An immediate consequence of the war was the change in Ottoman policies towards the Christian vassals states of Moldavia and Wallachia. In order to consolidate the control over the two Danubian Principalities, the Ottomans would introduce (in the same year in Moldavia, and in 1716 in Wallachia) direct rule through appointed Christian rulers (the so-called Phanariotes). The ruler Cantemir of Moldavia fled to Russia accompanied by a large retinue, and the Ottomans took charge of the succession to the throne of Moldavia by appointing Nicholas Mavrocordatos as ruler. The ruler Constantin Brâncoveanu of Wallachia was accused by the Sultan of colluding with the enemy. While the Russo-Moldavian army was on the move, Brâncoveanu had gathered Wallachian troops in Urlați, near the Moldavian border, awaiting the entry of the Christian troops to storm into Wallachia and offer his services to Peter, while also readying to join the Ottoman counter-offensive in the event of a change in fortunes. When Toma Cantacuzino switched to the Russian camp, the ruler was forced to decide in favor of the Ottomans or risk becoming an enemy of his Ottoman suzerain, and he swiftly returned the gifts he had received from the Russians. After three years, the Sultan's suspicion and hostility finally prevailed, and Brâncoveanu, his four sons, and his counselor Ianache Văcărescu, were arrested and executed in Constantinople.
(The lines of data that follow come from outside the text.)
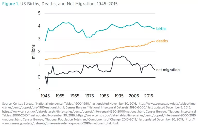 Three factors determine the change in any nation’s population over a given time: births, deaths, and net international migration. Behind the sharp decline in the US population growth rate in the past two decades has been a steady rise in deaths per year, a falling number of births owing to an even steeper decline in the birth rate, and declining levels of net international migration, a trend even more pronounced recently in large part because of executive actions by the Trump administration.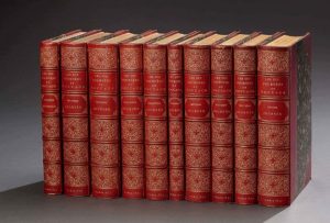 10 volumes in-8, demi-maroquin rouge à coins, double filet doré soulignant mors et coins, dos à nerfs très orné de fins fleurons dorés, roulette sur les coupes, couvertures conservées ( L. Claessens relieur).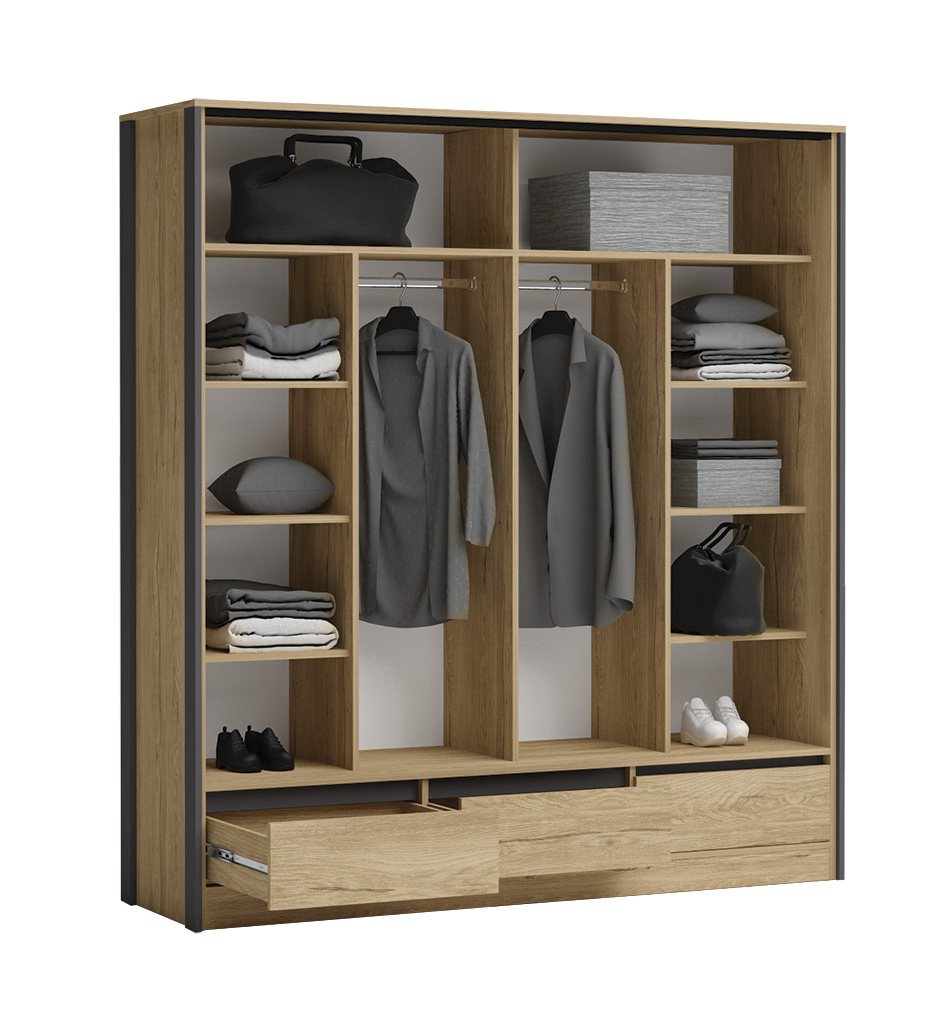 Добавете луксозен завършек към вашия дом със спален комплект „Соренто голд“. Изисканата текстура на висококачествения МДФ 18 мм не само придава издръжливост, но и добавя изключителна естетика, висок клас и финес към всеки елемент от комплекта. Гардеробът с плъзгащи врати е невероятно удобен и съчетава стил с функционалност. Трите чекмеджета, рафтове и лостове гарантират, че вашият гардероб ще бъде перфектно организиран. Спалнята към комплекта е замислена за удобство и лесен достъп до личните ви вещи посредством 4те чекмеджета. Нощните шкафчета предоставят допълнитело място за съхранение на книги, осветление или любими предмети. Всички чекмеджета са с телескопични водачи, за пълно изтегляне и плавно прибиране.
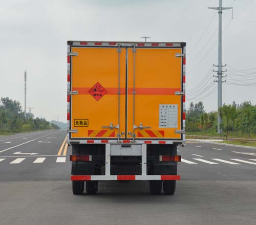 重汽斯達-斯太爾牌防爆車\民爆車\炸藥運輸車廂體外飾冷軋鋼板,內(nèi)飾防靜電鋁板,底板鋪防靜電膠板,側壁設防雨通風窗口,帶捆綁固定拉環(huán),煙霧感應器,防盜報警開關,靜電帶,滅火器2只,車廂黃色,有危險標志,貼有反光標識。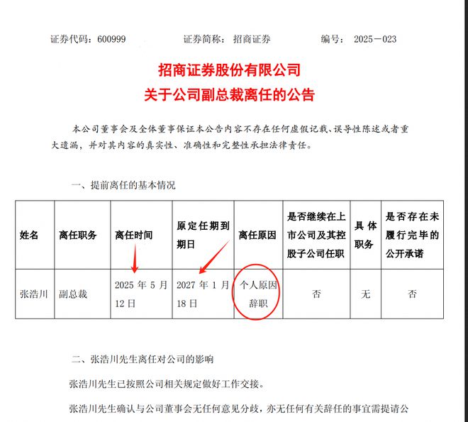 不曾想才1个周左右的时间,招商证券再有人事变动,公司副总裁张浩川因个人原因辞职,已按照公司规定完成工作交接。

Charles XII and his political pro-war ally, the Crimean khan Devlet II Giray, continued their lobbying to have the Sultan declare another war. In the spring of 1712 the pro-war party, which accused the Russians of delaying to meet the terms negotiated in the peace treaty, came close to achieving their goal. War was avoided by diplomatic means, and a second treaty was signed on 17 April 1712. A year after this new settlement, the war party succeeded, this time accusing the Russians of delaying in their retreat from Poland. Ahmed III declared another war on 30 April 1713. However, there were no significant hostilities and another peace treaty was negotiated very soon. Finally the Sultan became annoyed by the pro-war party and decided to help the Swedish king to return to his homeland. Ahmed III also deposed Devlet II Giray from the throne of the Crimean Khanate and sent him into exile to the Ottoman island of Rodos because he didn't show enough respect to Charles XII during the campaigns against Russia (Devlet II Giray considered Charles XII a prisoner and ignored his commands). Charles XII left the Ottoman Empire for Stralsund in Swedish Pomerania, which by then was besieged by troops from Saxony, Denmark, Prussia and Russia.